> DESCRIPTION OF THE TASK:
Please restate the data below word for word, omitting all images.

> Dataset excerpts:
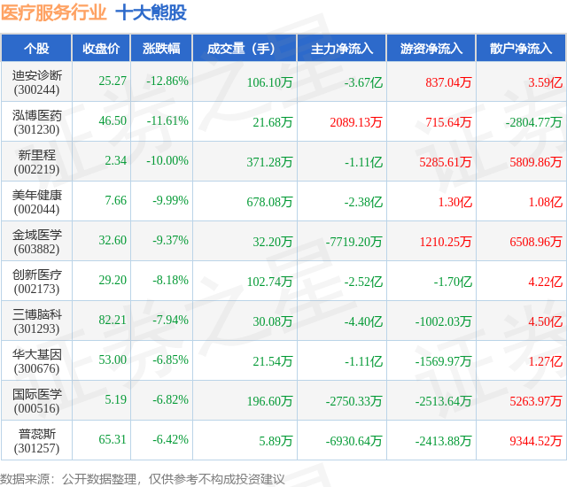 个股表现方面,医疗服务行业当日领跌股为迪安诊断(300244),该股当日报收25.27,下跌12.86%,成交量106.1万,主力资金净流出3.67亿元。泓博医药(301230)以下跌11.61%紧随其后,该股当日成交量21.68万,主力资金净流入2089.13万元。除此之外,新里程(002219)、美年健康(002044)、金域医学(603882)均进入当日熊股之列。具体个股列表见下表:
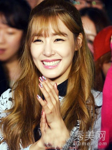 这种刘海倾斜的长发是刘汉MM的最爱。长长的斜刘海遮住了小半边脸,使脸变得又瘦又整齐,加上棕色的头发,使红润的好脸色更加红润。
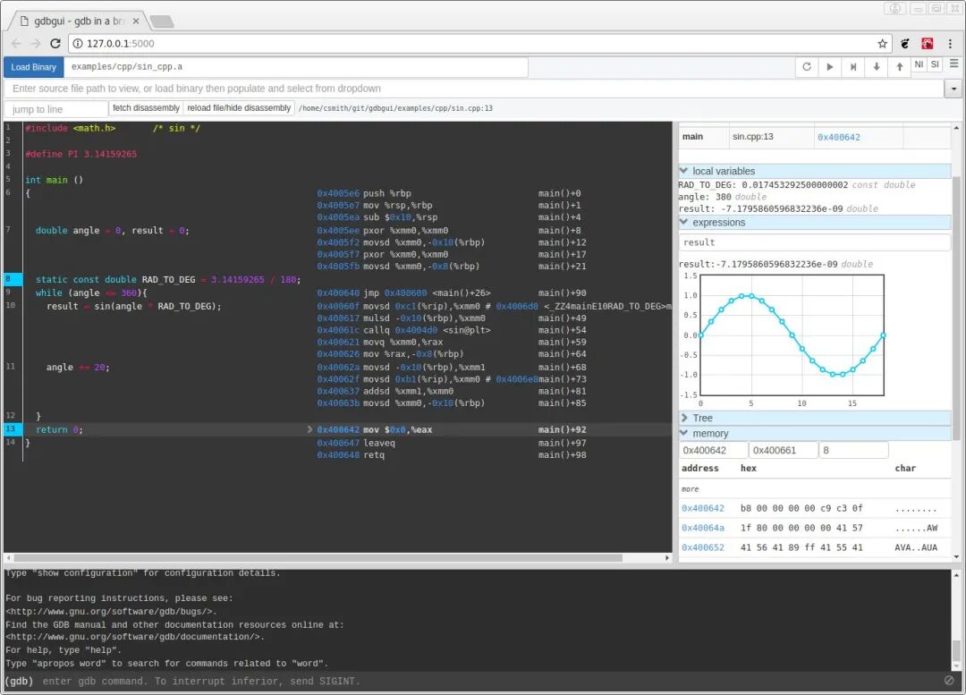 其实到 emacs 已经差不多了,但如果你实在记不住这有限的几个快捷键或者 gdb 命令,那么还可以尝试一下 gdbgui:
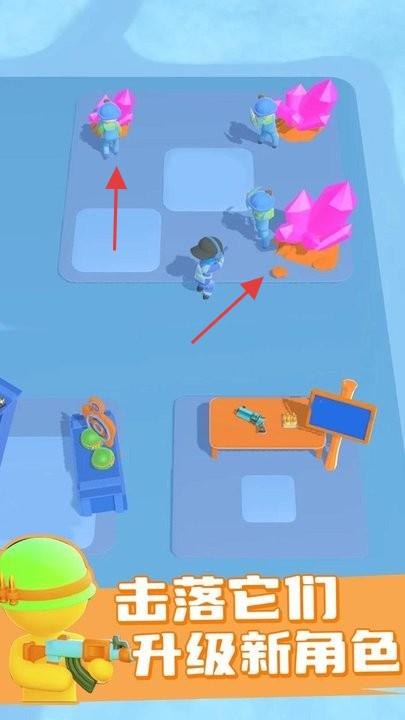 1、操控矿工开采粉色晶体,积累资源,点击“击落它们 升级新角色”解锁更强矿工。
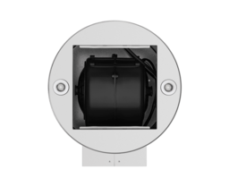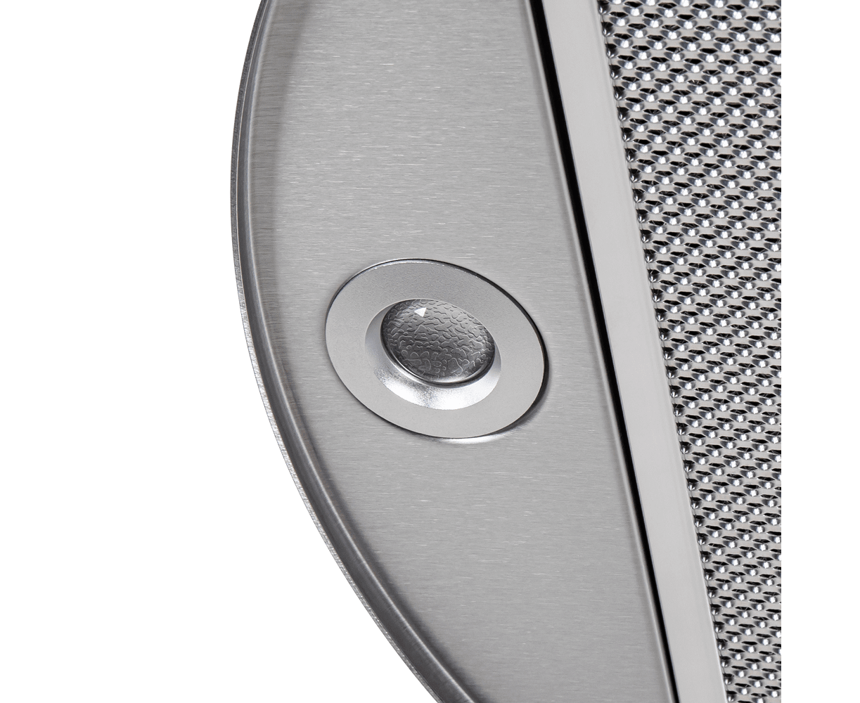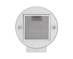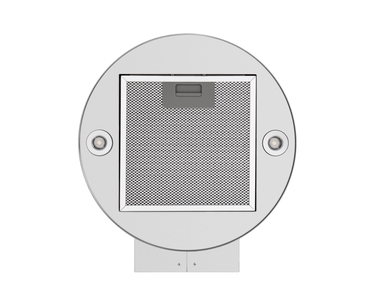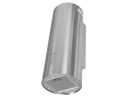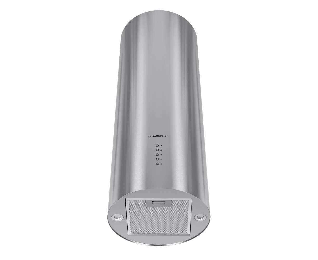 Корпус цилиндрической формы, выполненный из нержавеющей стали, устанавливается на стену над поверхностью плиты. Алюминиевый многослойный жироулавливающий фильтр находится в нижнем торце вытяжки.
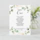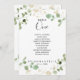 This gold eucalyptus table number 1 seating chart is perfect for a rustic wedding. The design features watercolor eucalyptus green foliage with gold confetti.
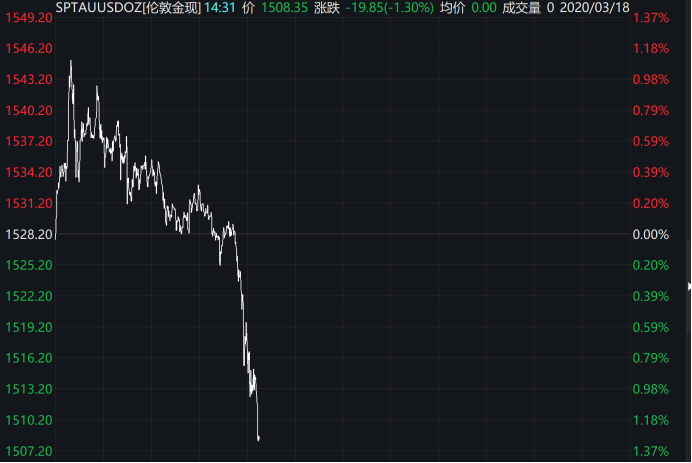 黄金跌破1510美元
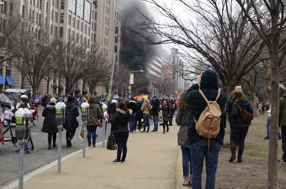 We had found our way to Franklin Square, where soon after our first encounter with Vermin Supreme, we heard yelling. Turning to see what the commotion was, we saw the smoke. As lines of people were taking selfies with Vermin, Trash cans had been pulled off sidewalks into the streets and lit on fire. The anarchists wore masks covering their faces. After minor success lighting one can, and only smoke from a second, the anarchists turned their sights on a parked limo. Someone to our right rolled a random tire up the street toward the gathering crowd. I had no idea where they had gotten it, but my guess was they either intended to stand on it or burn it. A plume of black smoke began to rise from the other side of the crowd as the flames rose.
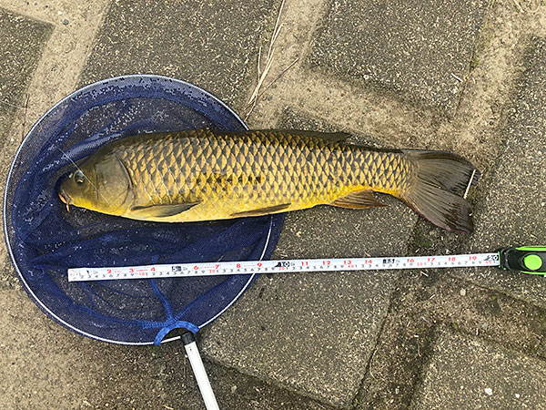 結果、開始後1時間以内に、約60センチの元気な鯉が釣れました!!
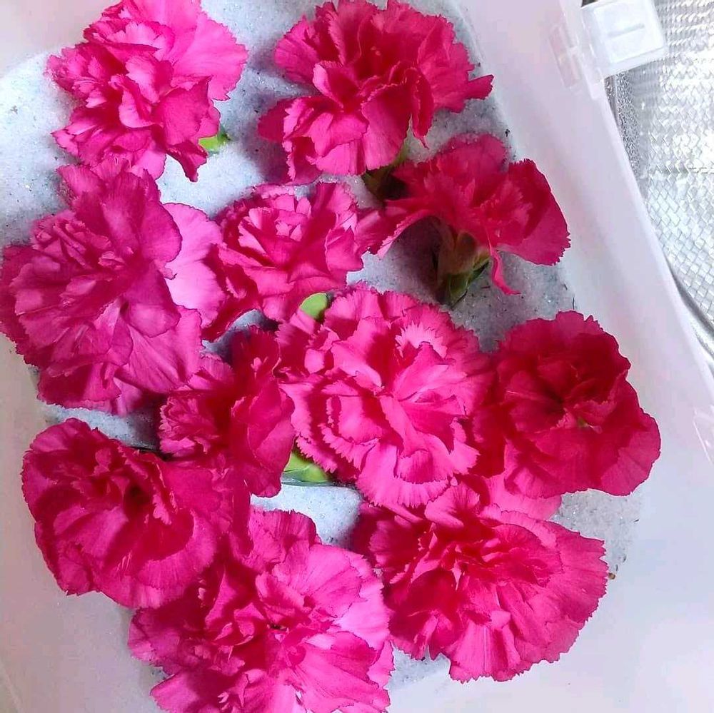 カーネーションはシリカゲルに入れなくても逆さに吊るすだけで結構綺麗にドライになりますよ〜
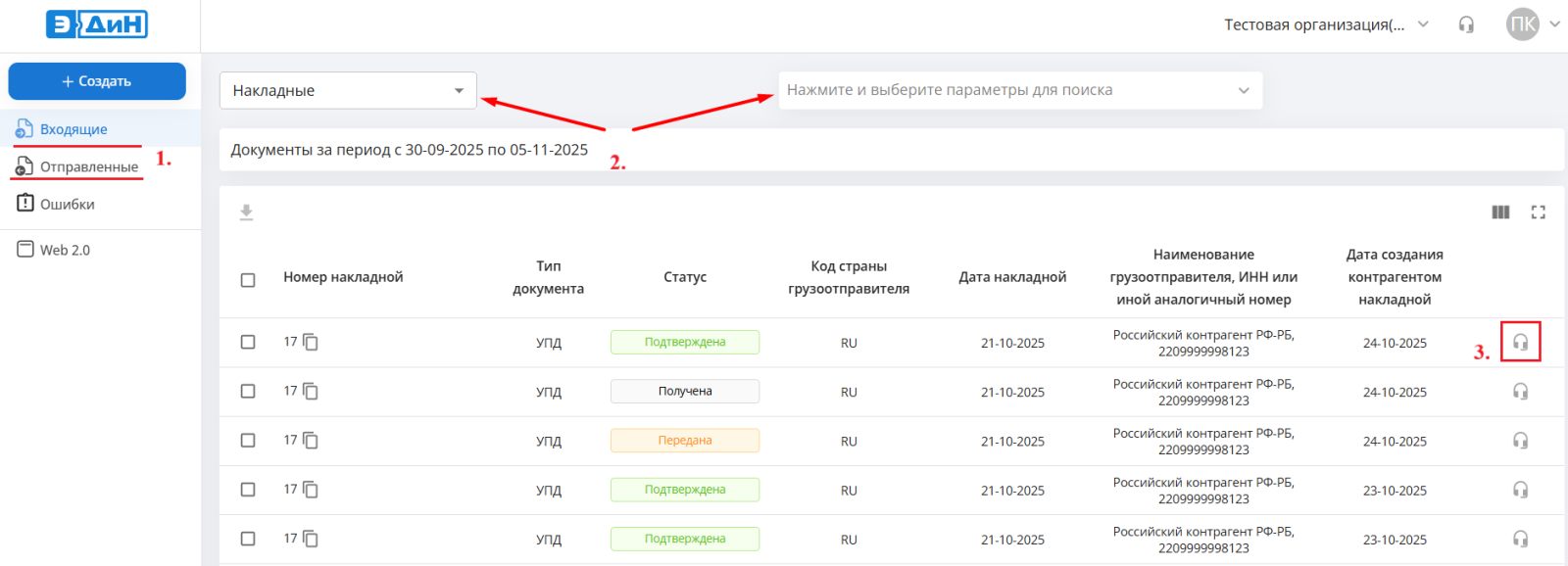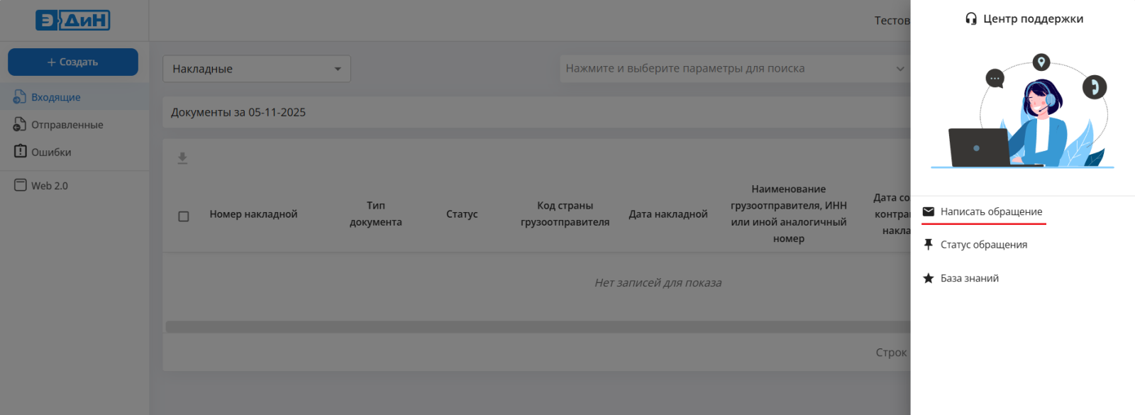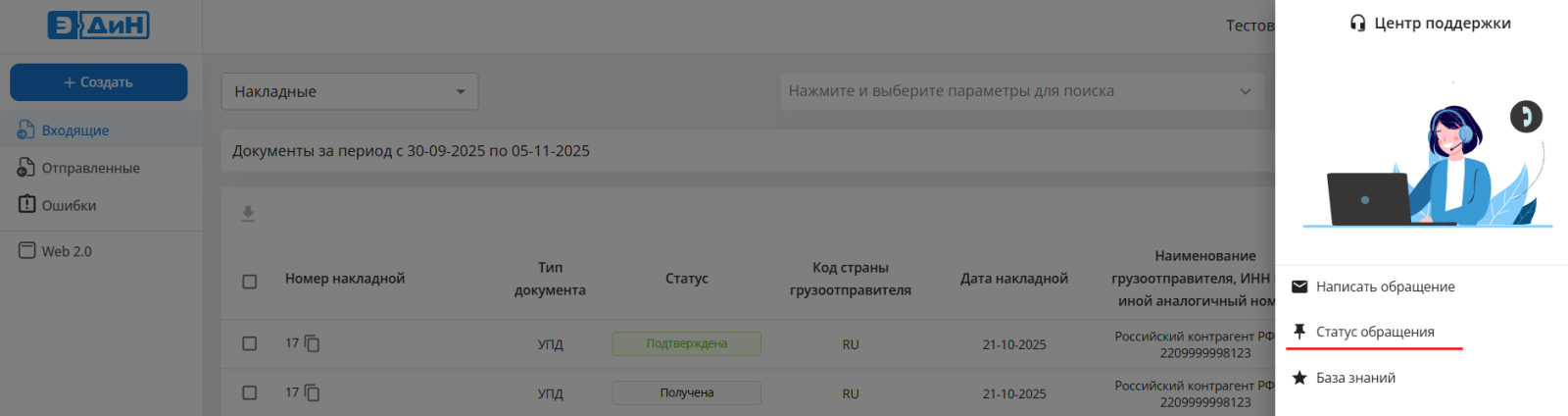 Можно оставить заявку из раздела "Входящие" или "Отправленные". Для этого необходимо перейти в соответствующий пункт меню, найти там документ, по которому возник вопрос, воспользовавшись фильтром для поиска. Нажать на значок Центра поддержки в строке с наименованием документа.

> EXPECTED ANSWER:
 个股表现方面,医疗服务行业当日领跌股为迪安诊断(300244),该股当日报收25.27,下跌12.86%,成交量106.1万,主力资金净流出3.67亿元。泓博医药(301230)以下跌11.61%紧随其后,该股当日成交量21.68万,主力资金净流入2089.13万元。除此之外,新里程(002219)、美年健康(002044)、金域医学(603882)均进入当日熊股之列。具体个股列表见下表:
 这种刘海倾斜的长发是刘汉MM的最爱。长长的斜刘海遮住了小半边脸,使脸变得又瘦又整齐,加上棕色的头发,使红润的好脸色更加红润。
 其实到 emacs 已经差不多了,但如果你实在记不住这有限的几个快捷键或者 gdb 命令,那么还可以尝试一下 gdbgui:
 1、操控矿工开采粉色晶体,积累资源,点击“击落它们 升级新角色”解锁更强矿工。
 Корпус цилиндрической формы, выполненный из нержавеющей стали, устанавливается на стену над поверхностью плиты. Алюминиевый многослойный жироулавливающий фильтр находится в нижнем торце вытяжки.
 This gold eucalyptus table number 1 seating chart is perfect for a rustic wedding. The design features watercolor eucalyptus green foliage with gold confetti.
 黄金跌破1510美元
 We had found our way to Franklin Square, where soon after our first encounter with Vermin Supreme, we heard yelling. Turning to see what the commotion was, we saw the smoke. As lines of people were taking selfies with Vermin, Trash cans had been pulled off sidewalks into the streets and lit on fire. The anarchists wore masks covering their faces. After minor success lighting one can, and only smoke from a second, the anarchists turned their sights on a parked limo. Someone to our right rolled a random tire up the street toward the gathering crowd. I had no idea where they had gotten it, but my guess was they either intended to stand on it or burn it. A plume of black smoke began to rise from the other side of the crowd as the flames rose.
 結果、開始後1時間以内に、約60センチの元気な鯉が釣れました!!
 カーネーションはシリカゲルに入れなくても逆さに吊るすだけで結構綺麗にドライになりますよ〜
 Можно оставить заявку из раздела "Входящие" или "Отправленные". Для этого необходимо перейти в соответствующий пункт меню, найти там документ, по которому возник вопрос, воспользовавшись фильтром для поиска. Нажать на значок Центра поддержки в строке с наименованием документа.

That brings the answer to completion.